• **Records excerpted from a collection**
Segment Open
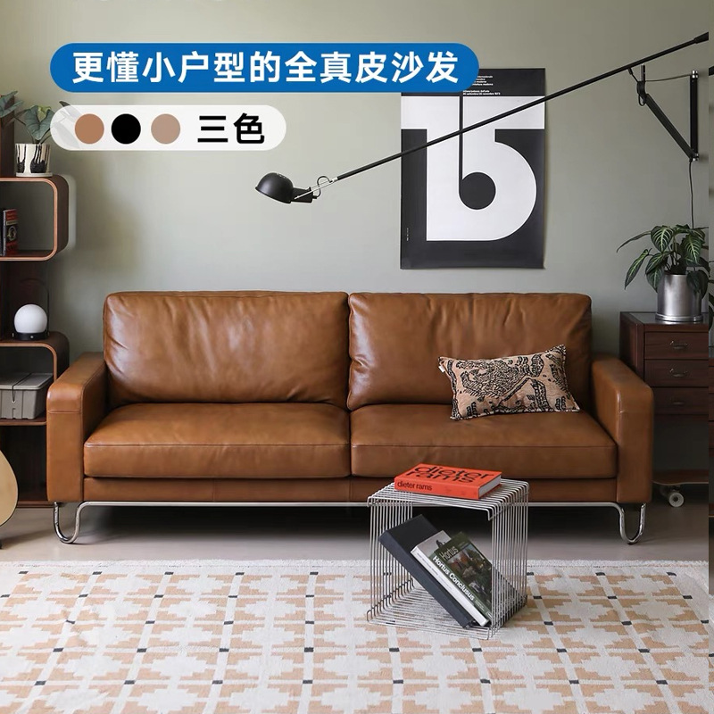 Sofa Kulit Asli Retro Skandinavia Tipe Unit Kecil Ruang Tamu Gaya Kuno Sedang Baris Laris Tas Haus Lapisan Kepala Kulit Sapi Hitam Sofa U
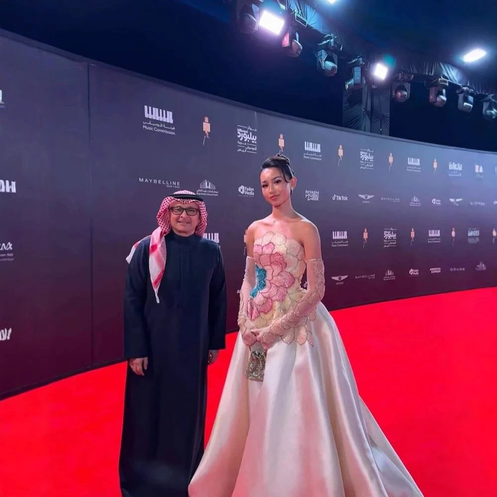 Chic satin evening gown with strapless design, sequin bodice, and detachable sleeves. Perfect for formal parties or prom nights.
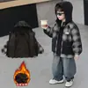 Parka Jeans Xadrez Forrada com Fleece para Meninos Estilo Coreano Casaco de Algodão Grosso Estiloso para Meninos Jovens
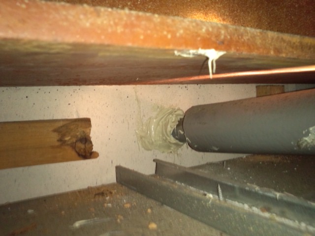 ついでに、エアコンの排水管の穴のコーキングもダメだったのでやり直した。
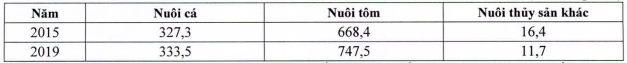 DIỆN TÍCH NUÔI TRỒNG THỦY SẢN NỘI ĐỊA CỦA NƯỚC TA NĂM 2015 VÀ 2019
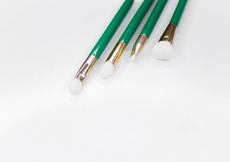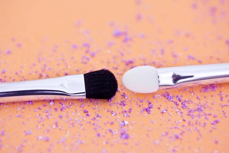Set of applicators for shadows on blue background. Shadows and eye makeup. Application of eyebrows. Banner.
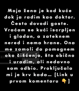 Ja (35M) radim kao doktor. Moja žena (33F) ostaje kod kuće. Život je užurban, naravno, ali u posljednje vrijeme me to polako izluđuje. Često dovodi prijatelje, a ja se vraćam kući nakon smjene od 12+ sati, gladan i iscrpljen, da bih zatekao kuću u neredu i bez hrane. Obično pomognem oko čišćenja jer ne želim da izgledam neodgovorno. Ali prije par dana jednostavno nisam mogao. Bio sam previše umoran, iskreno.
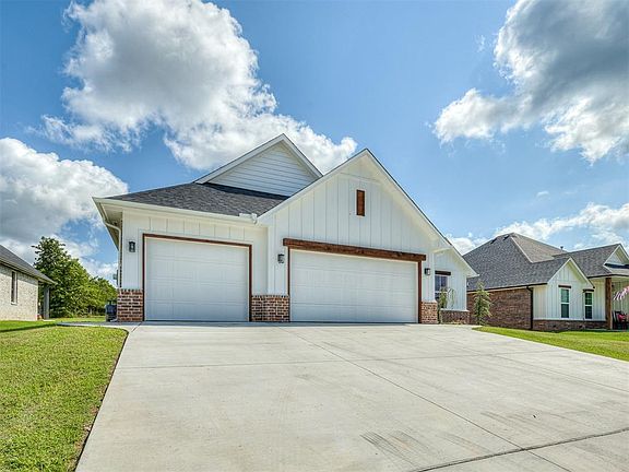 This one will be a showstopper once complete! 4-bedroom, 2-bathroom home located on a quiet, one entrance, cul-de-sac street. The perfect blend of a country feel and urban proximity to downtown Choctaw! The exterior in crisp white with stained cedar accents and beautiful landscaping is welcoming and warm. The open floor with central kitchen island makes hosting a dream! This modern kitchen will feature naturally stained white oak cabinets, champagne gold fixtures, and stainless-steel appliances. The master bedroom features stained beam accents and a luxurious ensuite with freestanding tub and walk-in shower. Two additional bedrooms share a hall bathroom and include walk-in closets. The 4th bedroom is conveniently located toward the front of the home and could also be used as a study, home office, or playroom.
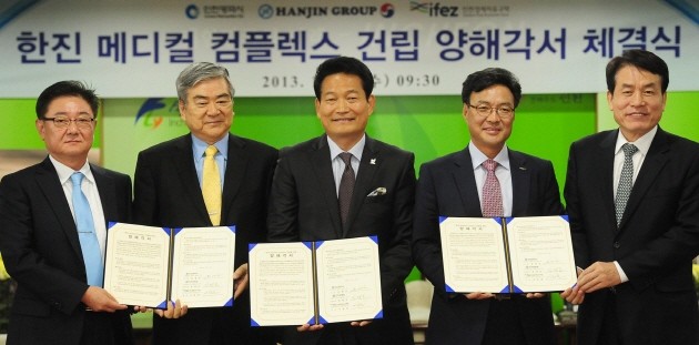 인천시는 16일 청사에서 송영길 시장, 조양호 한진그룹 회장, 이종철 인천경제청장, 김영모 인하대의료원장 등 관계자들이 참석한 가운데 '한진 메디컬 콤플렉스(Hanjin Medical Complex)' 추진을 위한 양해각서(MOU)를 맺었다고 밝혔다.
Segment Closed
• **WHAT YOU WILL DO**
Return every line above exactly, omitting images.

• **RESPONSE**
 Sofa Kulit Asli Retro Skandinavia Tipe Unit Kecil Ruang Tamu Gaya Kuno Sedang Baris Laris Tas Haus Lapisan Kepala Kulit Sapi Hitam Sofa U
 Chic satin evening gown with strapless design, sequin bodice, and detachable sleeves. Perfect for formal parties or prom nights.
 Parka Jeans Xadrez Forrada com Fleece para Meninos Estilo Coreano Casaco de Algodão Grosso Estiloso para Meninos Jovens
 ついでに、エアコンの排水管の穴のコーキングもダメだったのでやり直した。
 DIỆN TÍCH NUÔI TRỒNG THỦY SẢN NỘI ĐỊA CỦA NƯỚC TA NĂM 2015 VÀ 2019
Set of applicators for shadows on blue background. Shadows and eye makeup. Application of eyebrows. Banner.
 Ja (35M) radim kao doktor. Moja žena (33F) ostaje kod kuće. Život je užurban, naravno, ali u posljednje vrijeme me to polako izluđuje. Često dovodi prijatelje, a ja se vraćam kući nakon smjene od 12+ sati, gladan i iscrpljen, da bih zatekao kuću u neredu i bez hrane. Obično pomognem oko čišćenja jer ne želim da izgledam neodgovorno. Ali prije par dana jednostavno nisam mogao. Bio sam previše umoran, iskreno.
 This one will be a showstopper once complete! 4-bedroom, 2-bathroom home located on a quiet, one entrance, cul-de-sac street. The perfect blend of a country feel and urban proximity to downtown Choctaw! The exterior in crisp white with stained cedar accents and beautiful landscaping is welcoming and warm. The open floor with central kitchen island makes hosting a dream! This modern kitchen will feature naturally stained white oak cabinets, champagne gold fixtures, and stainless-steel appliances. The master bedroom features stained beam accents and a luxurious ensuite with freestanding tub and walk-in shower. Two additional bedrooms share a hall bathroom and include walk-in closets. The 4th bedroom is conveniently located toward the front of the home and could also be used as a study, home office, or playroom.
 인천시는 16일 청사에서 송영길 시장, 조양호 한진그룹 회장, 이종철 인천경제청장, 김영모 인하대의료원장 등 관계자들이 참석한 가운데 '한진 메디컬 콤플렉스(Hanjin Medical Complex)' 추진을 위한 양해각서(MOU)를 맺었다고 밝혔다.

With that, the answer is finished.